I don't quite understand the principle of minimum energy despite having read the derivation on Wikipedia.

I think I got lost when the free energy was defined as $A= \max_S{\left(U-TS\right)}$, because I don't know why is the max there.

Answer 1

Here's an alternative derivation to show that Helmholtz energy will be minimized.

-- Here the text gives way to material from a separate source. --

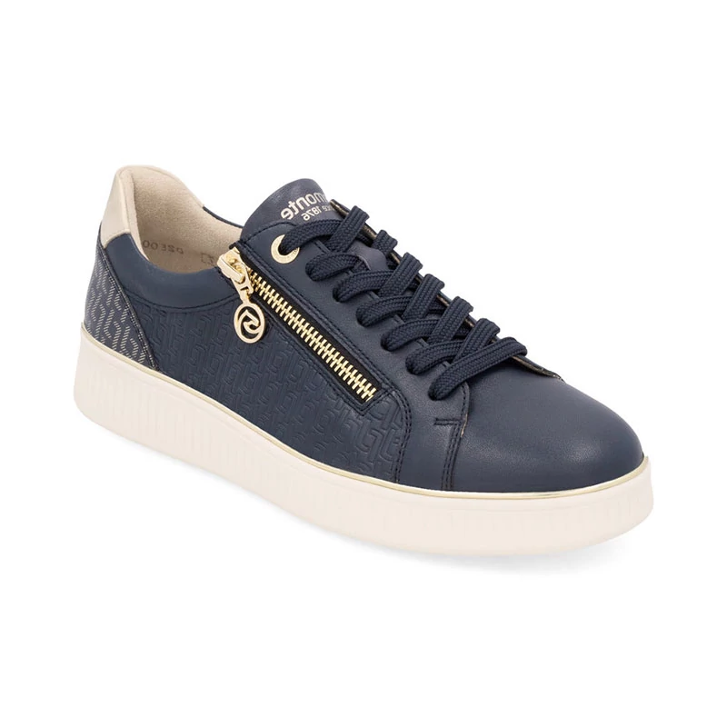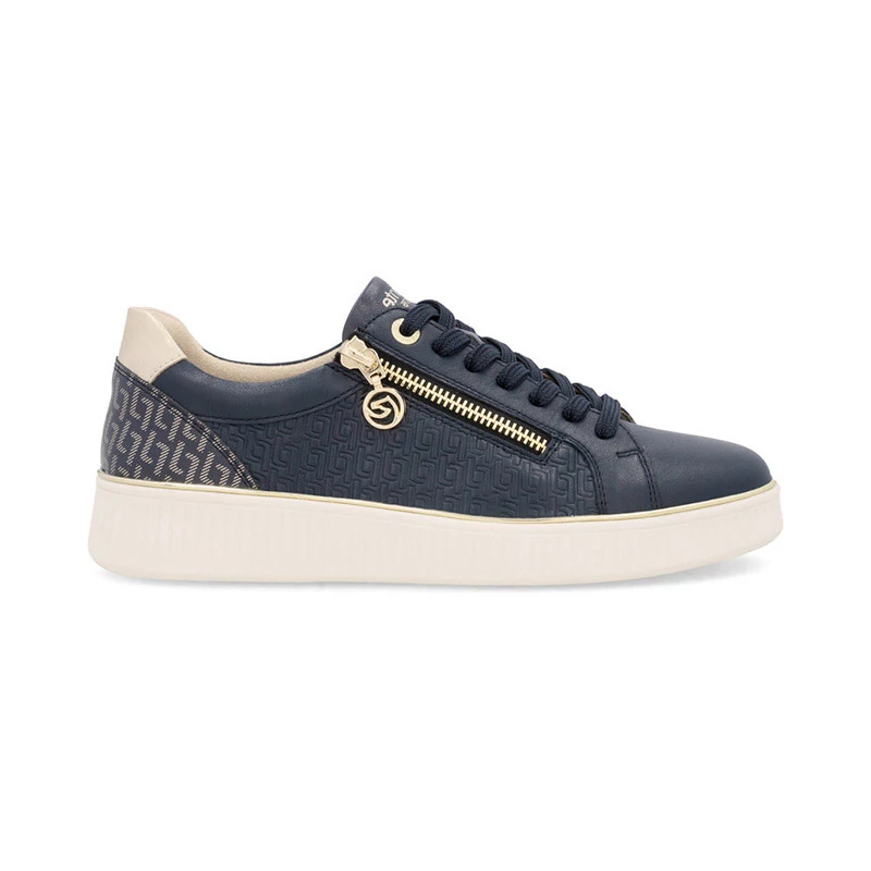 Ezekkel az egyedi tornacipőkkel minden ruhát tökéletessé varázsol. A sötétkék felsőrész eredeti, nyomattal díszített anyag- és színösszetételével lenyűgöz, jellegzetes részlete pedig a cipzáron a márkalogóval ellátott díszítés. Ez a cipzár megkönnyíti a felhelyezést, a fűzés pedig lehetővé teszi, hogy a cipőt az Ön igényei szerint szabja. Sebastiano cipő webáruház Női cipő

Consider the fact that by the second law of thermodynamics, the total entropy $S$ of the universe must increase. That is, the sum of all entropies has the relationship

$$ dS_{\rm universe} = dS_{\rm sys} + dS_{\rm surr} \geq 0,$$

where 'sys' and 'surr' represent ours system and surrounds respectively. Hold this result for the moment. Recall the thermodynamic identity $dU = TdS-PdV+\mu dN$, and recognize that for constant volume and number of particles,

$$ dS_{\rm surr} = \frac{dU_{\rm surr}}{T} = - \frac{dU_{\rm sys}}{T}. $$

Note that the last equality comes from the first law: energy is conserved, so $dU_{\rm surr} = -dU_{\rm sys}$. Then, plugging this into our earlier result and multiplying by $T$, we have

$$ dS_{\rm universe} = dS_{\rm sys} + dS_{\rm surr} = dS_{\rm sys} - \frac{dU_{\rm sys}}{T}$$ $$ \rightarrow TdS_{\rm universe} = TdS_{\rm sys} - dU_{\rm sys}.$$

Now the proper definition for Helmholtz free energy is $F = U - TS$, so for constant temperature, $dF = dU - TdS = -(TdS-dU)$. We can plug this into our last result as

$$ T dS_{\rm universe} = - dF_{\rm sys} $$

and finally

$$ dS_{\rm universe} = - \frac{dF_{\rm sys}}{T}.$$

Note that in order to maximize the entropy in the universe, you have make the Helmholtz free energy as negative as possible (negative, but large magnitude).